Por otra parte, el acausalismo radical, que rompe las expectativas del espectador continuamente, no dándole nunca lo que espera, puede a veces ser muy estimulante, pero otras veces se convierte en una especie de ejercicio de estilo en el que (¡oh, paradoja!) se ve también demasiado al guionista. Porque el hecho de que ninguna causa produzca un efecto puede ser tan insólito o previsible como lo contrario. De ahí la artificiosidad de ambas escuelas.

Como suele suceder, por fortuna existe un término medio entre los extremos, que rechaza tanto el “todo tiene que servir para hacer avanzar la trama” como el “nada de lo que vemos tiene sentido”.

En este término medio se podría tal vez citar a Shakespeare, que construye tramas elaboradas, pero escribe escenas o diálogos que no tienen una función clara en la trama; o series recientes de la televisión americana, como Los Soprano, y especialmente The Wire, pero también House of cards, Boardwalk Empire y muchas otras. Hablaré de algunas de las características de estas series en otro momento.

memento

Memento es un ejemplo de estructura férrea, absoluta, pero que, al mismo tiempo propone algo distinto en lo que se refiere a la sucesión habitual de causas y efectos, pues todo transcurre al revés, lo que rompe las expectativas del espectador y la acerca al cine experimental, a pesar de ser cine comercial.

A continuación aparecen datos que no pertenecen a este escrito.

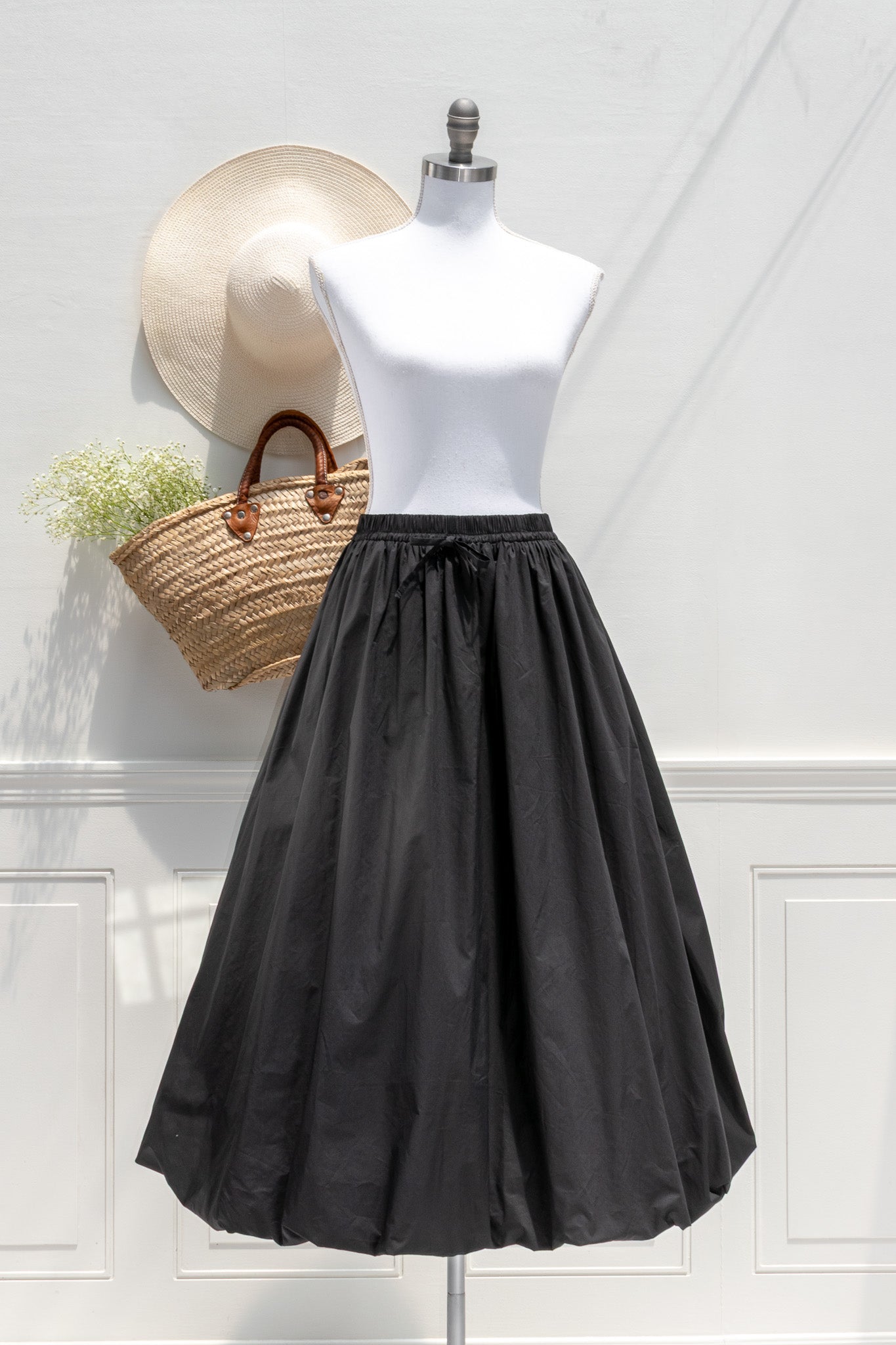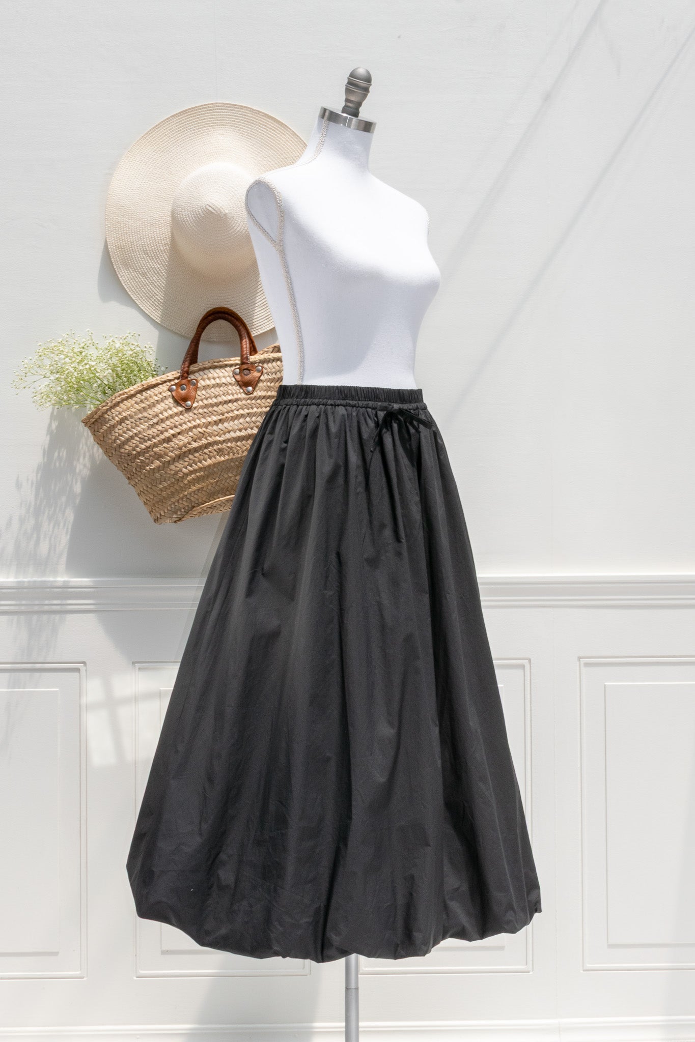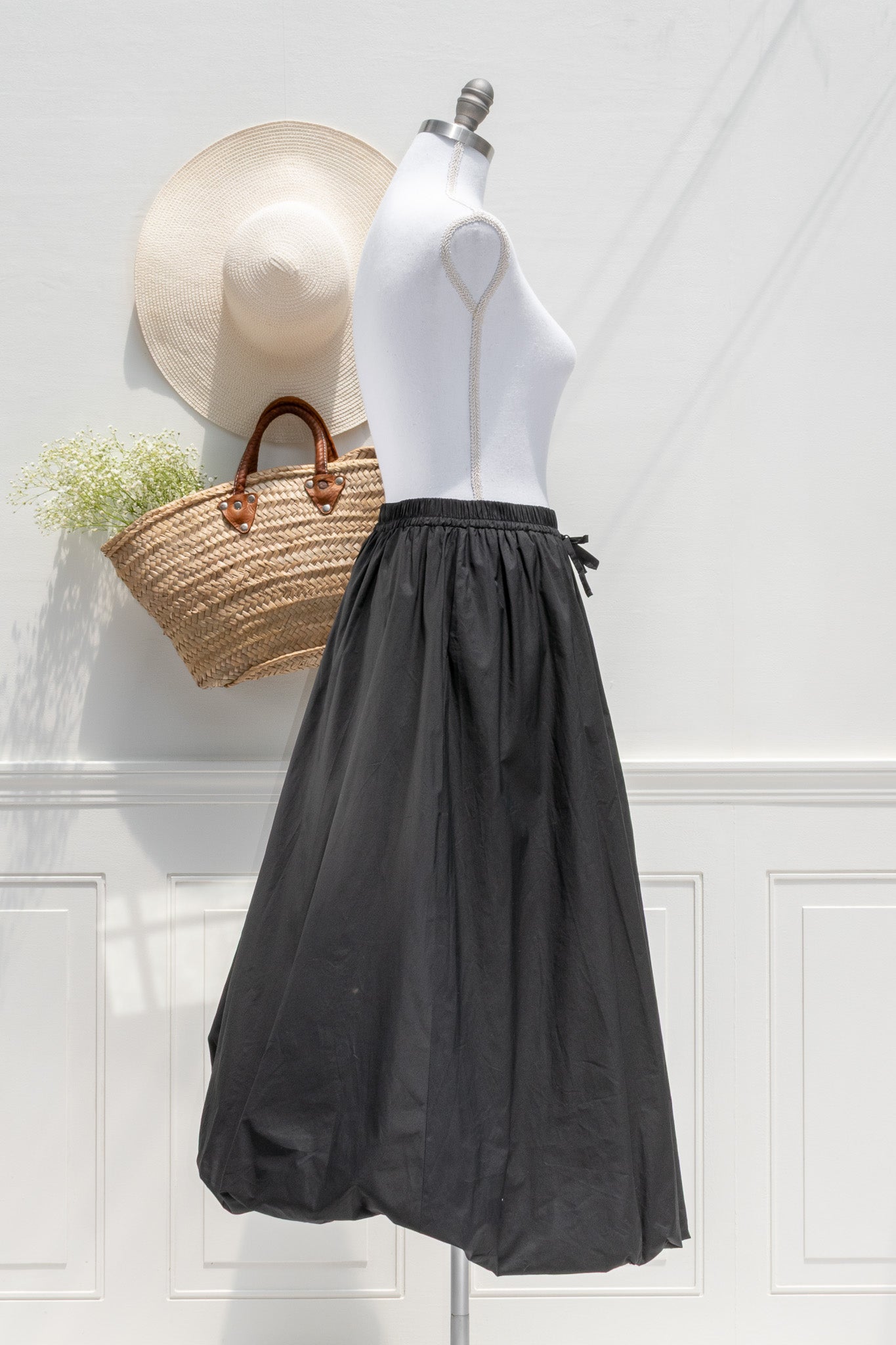 An elegant-yet-versatile skirt perfect for mixing-and-matching, the 100% cotton Adaline skirt in black features a bubble hemline, a comfortable elastic waistline, and flowy silhouette made for twirling!

Aquí puedes ver el momento inicial (o final) de Memento

Imagen de previsualización de YouTube

Y aquí, por el contrario (o no= puedes ver el momento inicial (o final) de  Memento

 Imagen de previsualización de YouTube

En Happy End (1967), la película checoslovaca de  Oldřich Lipský, el final cronológico es el principio y el principio es el final, y toda la película se desenvuelve, como en Memento, desde el desenlace cronológico hacia atrás, mediante la sucesión de pequeños bloques narrativos como el que puedes ver aquí. Vamos, pues, desde los efectos a las causas. O, si se prefiere, desde el punto de vista narrativo, los efectos son las causas.


Aunque esta entrada se ocupa de una de las paradojas de Las paradojas del guionista, también tiene mucha relación con una de las técnicas narrativas a las que me refiero en El espectador es el protagonista, el acausalismo.